* Data shown *

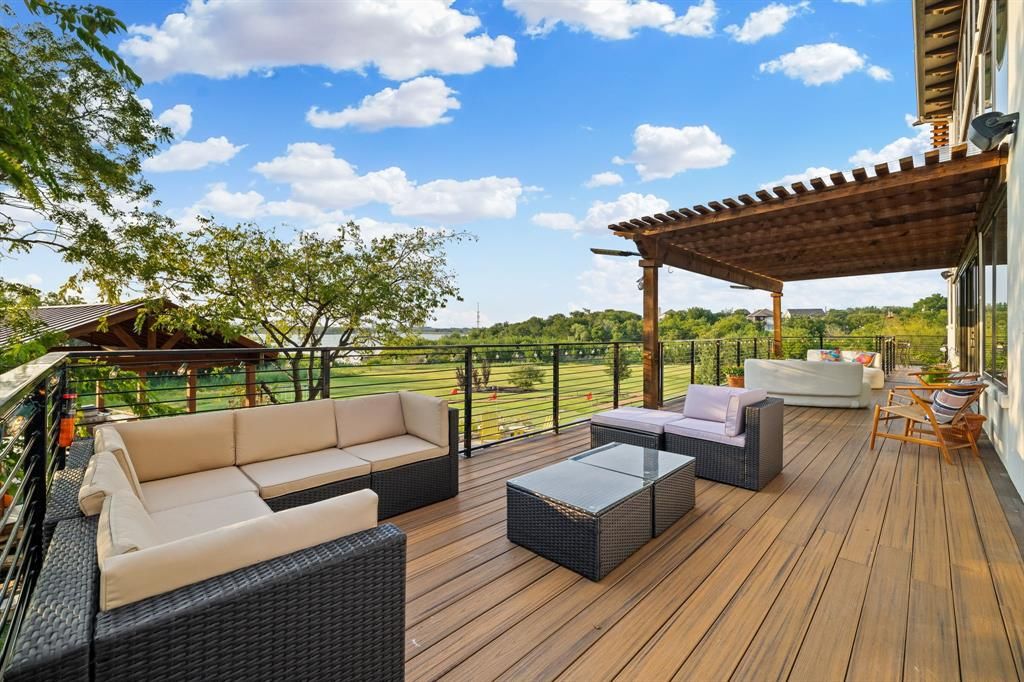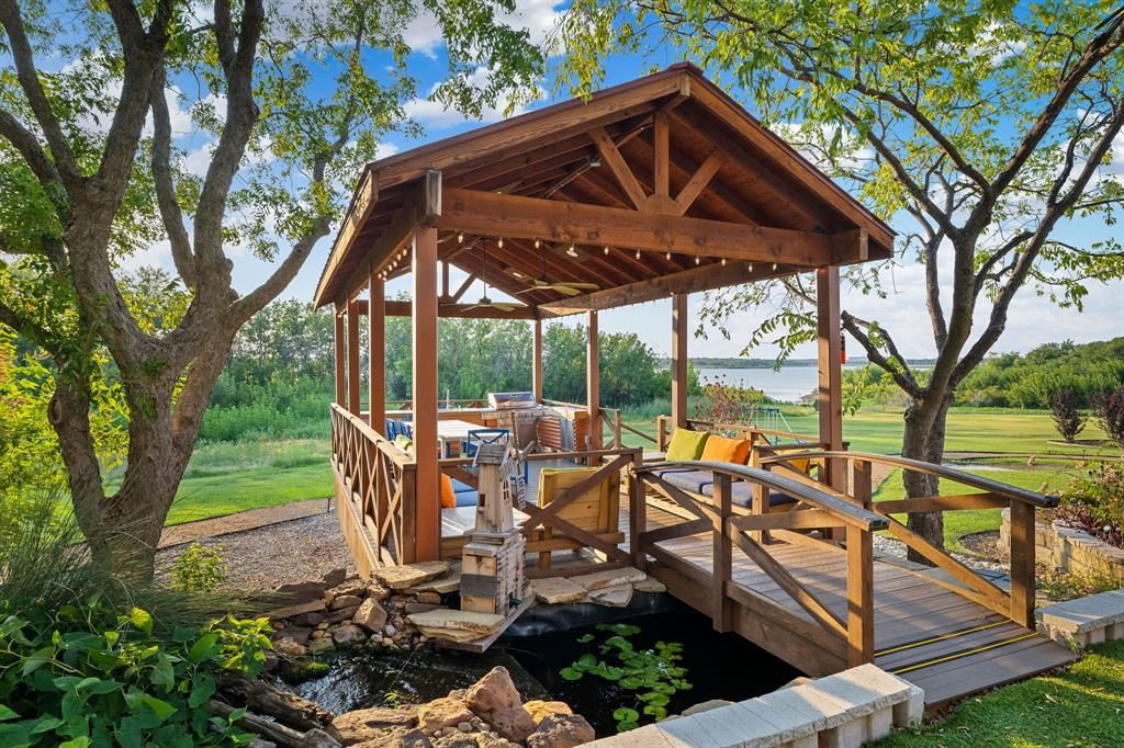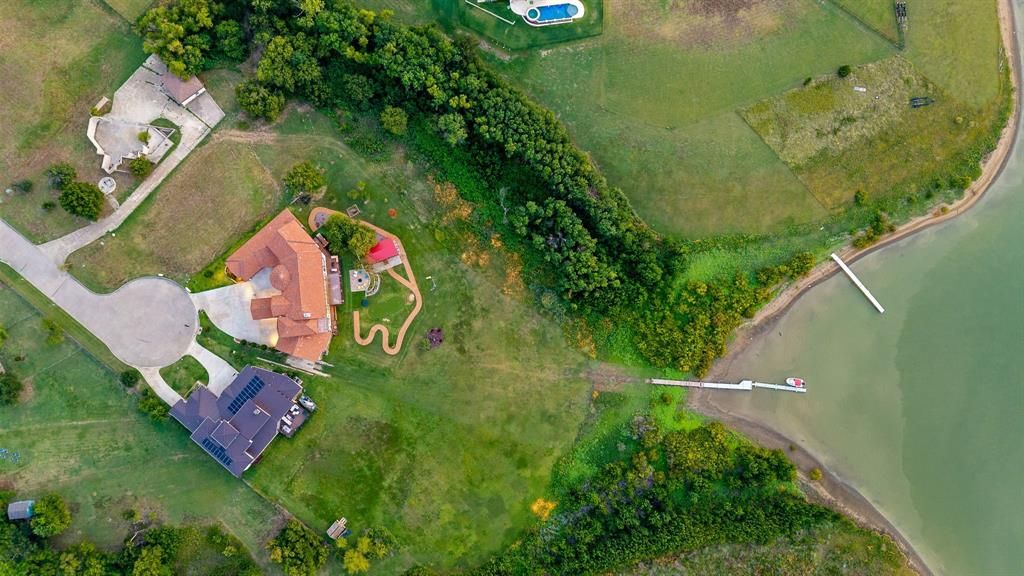Experience luxury lakeside living at its finest. This 6,316 sq ft custom-designed estate offers an unmatched blend of elegance, comfort, and resort-style amenities perfectly positioned on the tranquil shores of Lake Lewisville. Enjoy panoramic lake views from nearly every room, and wake up each day to breathtaking sunrises, abundant wildlife, and the peaceful rhythm of waterfront living, all just minutes from city conveniences. Inside, soaring 26-foot ceilings, hand-selected finishes, and walls of windows frame the expansive living spaces. The chef's kitchen is fully equipped with premium appliances, including two Miele dishwashers, a DCS range, Liebherr refrigerator and freezer, and a walk-in pantry and seamless flow to the open-concept entertaining areas. The primary suite is a true retreat with a spa-inspired bath and a custom storm-shelter walk-in closet. 2 Additional en-suite bedrooms downstairs, a private studio with exterior access, and an artistic wine cellar add both function and flair. Upstairs, enjoy a game room with full bar, home theater, and two additional bedrooms, including one designed as a dedicated gym and another with its own private terrace and pergola. Step outside to your private oasis. The meticulously manicured grounds are a testament to proud ownership! Enjoy the koi pond with waterfall, rustic gazebo, three-hole putting green, and 130 feet of direct lake frontage with a private dock, perfect for boating, fishing, or sunset views. The 4-car collector's garage includes space for lifts and a professional workshop. Built with 18-inch walls and envelope insulation, this home is not only stunning, but energy-efficient. This is more than a home, it's a lifestyle. A rare opportunity to own a one-of-a-kind lakefront estate in one of the most desirable areas of DFW.
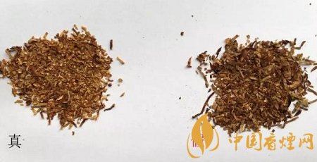 真煙煙絲結(jié)構(gòu)為葉絲,膨脹葉絲,造紙法再造煙葉。假煙煙絲色澤較暗,缺乏油分較干燥,假煙主要識(shí)別點(diǎn):假煙可見膨脹梗絲,真煙沒有。
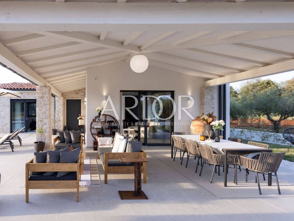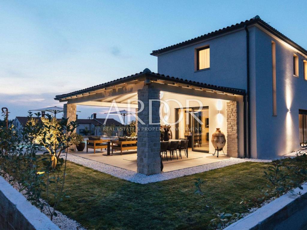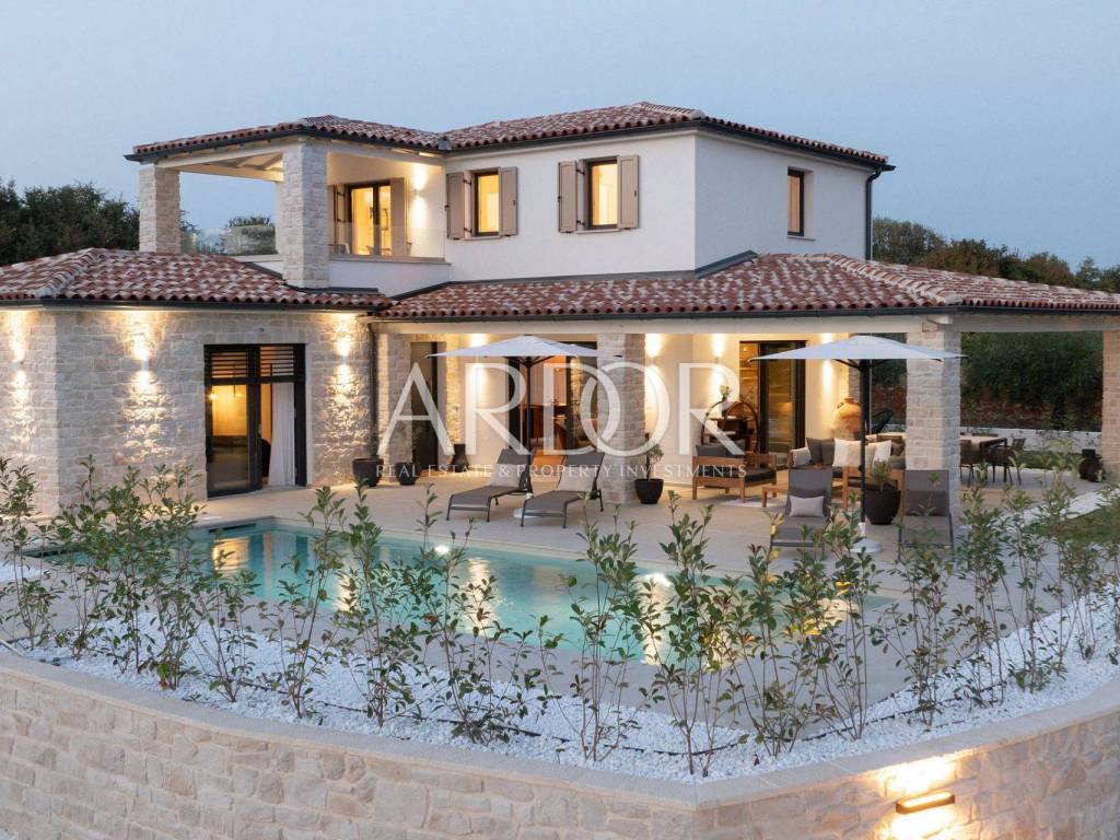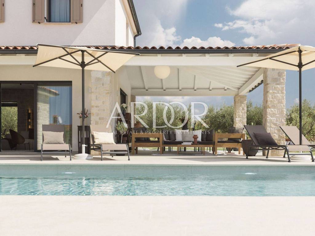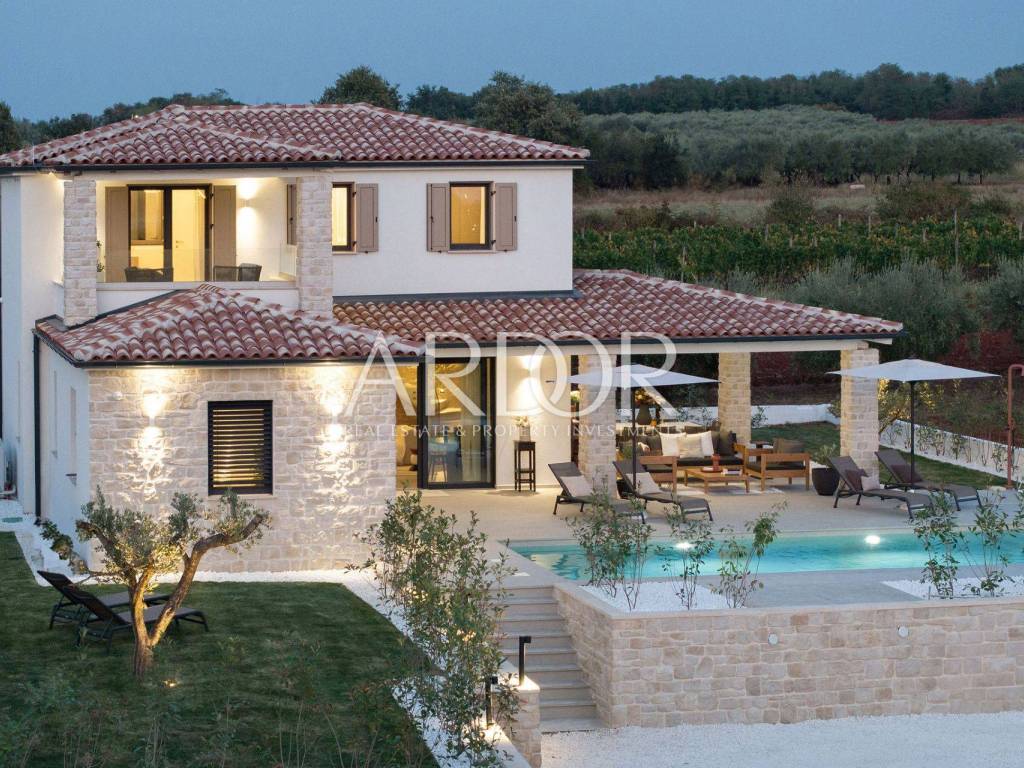 Poreč, novoizgrađena kamena vila s grijanim bazenom

* Work instructions *
Starting at the line that holds "真煙煙絲結(jié)構(gò" and stopping at the last line of the listing above, write out each line exactly as it appears, and omit the pictures.

* Output for this exercise *
 真煙煙絲結(jié)構(gòu)為葉絲,膨脹葉絲,造紙法再造煙葉。假煙煙絲色澤較暗,缺乏油分較干燥,假煙主要識(shí)別點(diǎn):假煙可見膨脹梗絲,真煙沒有。
 Poreč, novoizgrađena kamena vila s grijanim bazenom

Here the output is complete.